As part of the system, all vehicle owners will, after February 1, 2024, be required to pay between 50,000 and 714,300 Uganda shillings (about US$13 to US$190) to register their vehicles for new plates that will have an attached sim-card-equipped device provided by the state-owned telecommunications company, Uganda Telecommunications Corporation Ltd (UTL).

The device will allow the government to track the location of all registered vehicles from the police national command center in real time. Foreign vehicles temporarily in Uganda will also be required to install the tracking devices for the time they are in the country.

The system will collect data from UTL’s telecommunications network, as well as the network of a privately owned telecommunications company, increasing the number of corporate private actors with potential access to the real-time location of all vehicles in Uganda. This creates serious human rights and security risks, Human Rights Watch said.

Several other countries use technology that allows for vehicles to be tracked when authorities can scan them. But Uganda’s sim-card-based approach that will allow the government to track vehicles in real time is novel.

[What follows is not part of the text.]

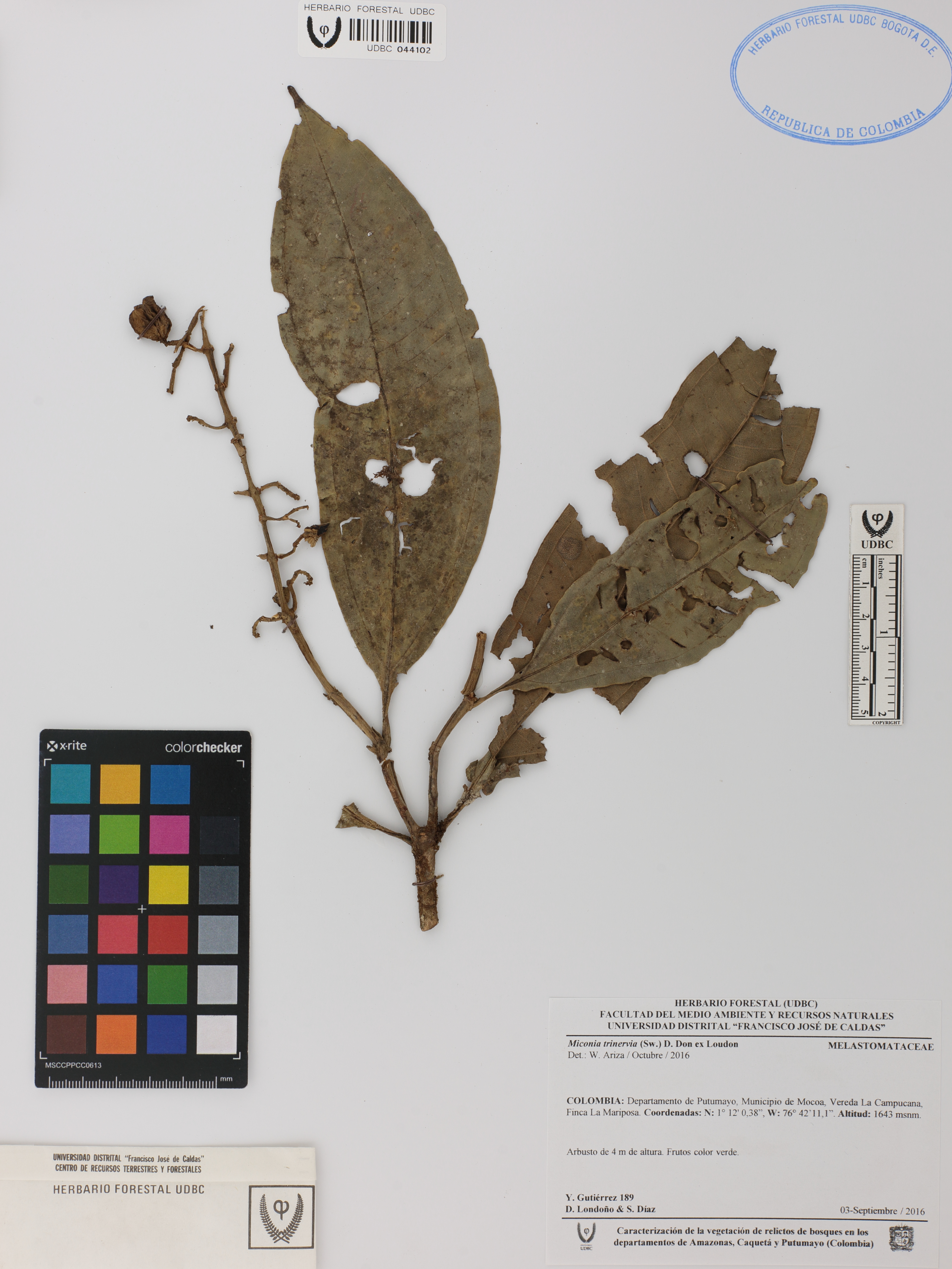 Fotografía del ejemplar Gutiérrez, Y. 189, determinado como Miconia trinervia en el año 2016

In May, members of a parliamentary committee that was tasked to investigate the project in early 2023 concluded that that the deal between the government and Joint Stock Security Company had not been scrutinized adequately and that the government had failed to conduct proper due diligence concerning the company. Abdallah Kiwanuka, a member of the Defense and Internal Affairs Committee, told Human Rights Watch that the government blocked the parliament members from visiting Russia to learn more about the system because of the “security situation” in Russia. Kiwanuka also said that the government did not explain to the committee how the data would be protected.

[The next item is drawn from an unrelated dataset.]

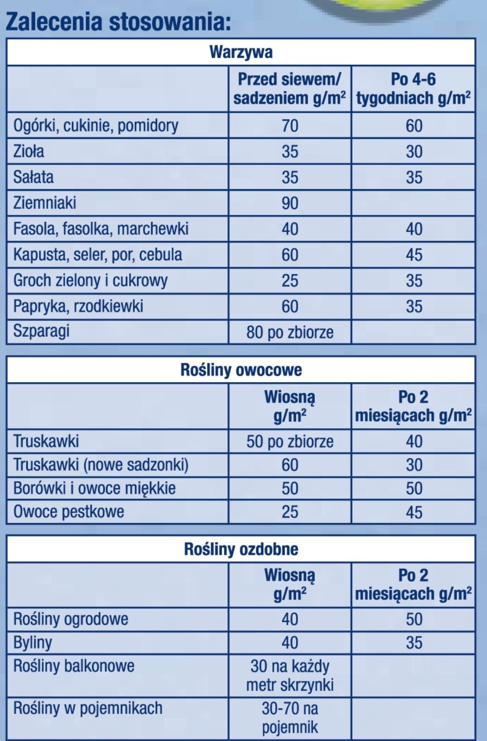 - ogórki, cukinie pomidory - przed siewem 70g / m2, po 4–6 tygodniach 60g / m2

On October 11, the deputy Parliament speaker, Thomas Tayebwa, announced that a second investigation by Parliament into the project would be reassigned to a classified committee whose report would not be made public because “this is about the security of the country.” Tayebwa announced that only the classified committee, the security minister, the Parliament speaker, and the president will have access to it.

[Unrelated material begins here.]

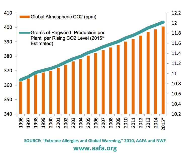 Systemic climate changes and changes in atmospheric carbon dioxide also tend to produce conditions favorable for the intensification of aero-allergens. Warmer conditions year round tend to lead to longer pollen seasons and higher pollen counts in the air for many allergens. The graph below shows the trend of ragweed concentration and the global CO2 concentration.

The government has, in the past, used surveillance technology to track and arrest government opponents and critics. In 2020, the police confirmed that they used CCTV, facial recognition, and license plate recognition technology to track down and arrest alleged protesters in the period leading up to Uganda’s 2021 elections. Human Rights Watch has documented the arbitrary arrest and unlawful detention of people alleged to have taken part in protests during this period.

Uganda already collects and stores vast personal information including names, signature, photo, and fingerprints of nationals to register sim cards and national identity cards. A Kampala-based media organization, the African Centre for Media Excellence, said in a 2023 report that this mass data collection has created a climate of fear for journalists in the country and restricted their work. In August 2022, the government announced plans to include DNA and iris scan information to register new identity cards.

Uganda’s Data Protection and Privacy Act of 2019 provides for collecting person data under the pretext of “national security.” Both the Anti-Terrorism Act of 2002 and the Regulation of Interception of Communications Act of 2010 also provide for “lawful interception and monitoring of certain communications in the course of their transmission through a telecommunication, postal, or any other related service or system in Uganda.”

These provisions are broad and contrary to international law, which requires that any intrusion on the right to privacy, including gathering metadata or surveillance of communications content, must be strictly necessary and proportionate to protection of a specified state interest and clearly regulated in law on a non-discriminatory basis.

“The scale and rate at which the Ugandan government is increasing its power to collect and store information about its citizens is alarming,” Nyeko said. “The authorities should focus on bolstering the protection of fundamental rights and freedoms instead of restricting them, and harmonize its domestic laws on limitations on the right to privacy with international law.”